"There's a backlash against womyn that's really bad right now"
About this Quote
"There's a backlash against womyn that's really bad right now" lands like a status report from the front lines, and the spelling is half the payload. Acker doesn't say "women"; she says "womyn", the separatist, DIY orthography that rejects the word's built-in "men" and signals allegiance to a certain strain of feminist resistance. It's an activist shibboleth, but also a provocation: language itself is treated as contested territory, not neutral packaging.
The bluntness of "really bad right now" matters. It's deliberately unliterary, closer to street-level urgency than manifesto cadence, the kind of phrasing you use when you don't have the luxury of polishing. Subtext: this isn't theoretical sexism or a slow cultural drift; it's organized, immediate, and getting traction. "Backlash" implies reaction to gains, not a random flare-up. Someone felt threatened enough by women's autonomy to push back hard.
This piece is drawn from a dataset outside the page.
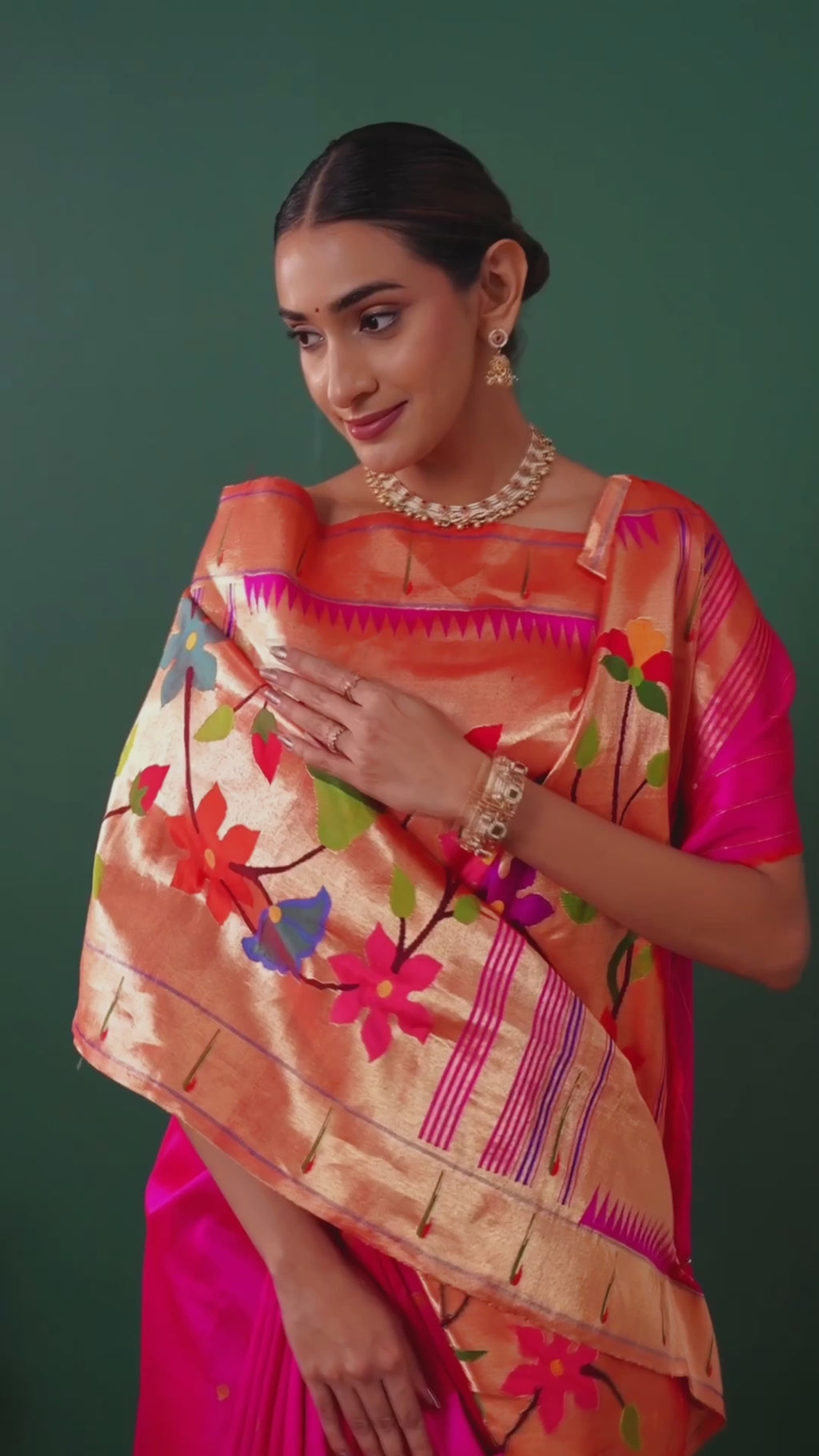 Let tradition shine with this pink and orange Paithani saree—crafted for those who celebrate culture and color in every special moment.

Contextually, Acker's lifetime tracks the whiplash from second-wave feminism's breakthroughs to the conservative retrenchment of the 1980s and early 1990s: Reagan-era moralism, the policing of sexuality, attacks on reproductive rights, and a media culture happy to rebrand feminism as humorless or passé. Acker, who wrote bodies and power with surgical irreverence, reads the moment as counterrevolution. The sentence is short because it's diagnostic: progress happened, and the system is correcting for it. The warning is that backlash isn't an anomaly; it's the mechanism.
The bluntness of "really bad right now" matters. It's deliberately unliterary, closer to street-level urgency than manifesto cadence, the kind of phrasing you use when you don't have the luxury of polishing. Subtext: this isn't theoretical sexism or a slow cultural drift; it's organized, immediate, and getting traction. "Backlash" implies reaction to gains, not a random flare-up. Someone felt threatened enough by women's autonomy to push back hard.
Contextually, Acker's lifetime tracks the whiplash from second-wave feminism's breakthroughs to the conservative retrenchment of the 1980s and early 1990s: Reagan-era moralism, the policing of sexuality, attacks on reproductive rights, and a media culture happy to rebrand feminism as humorless or passé. Acker, who wrote bodies and power with surgical irreverence, reads the moment as counterrevolution. The sentence is short because it's diagnostic: progress happened, and the system is correcting for it. The warning is that backlash isn't an anomaly; it's the mechanism.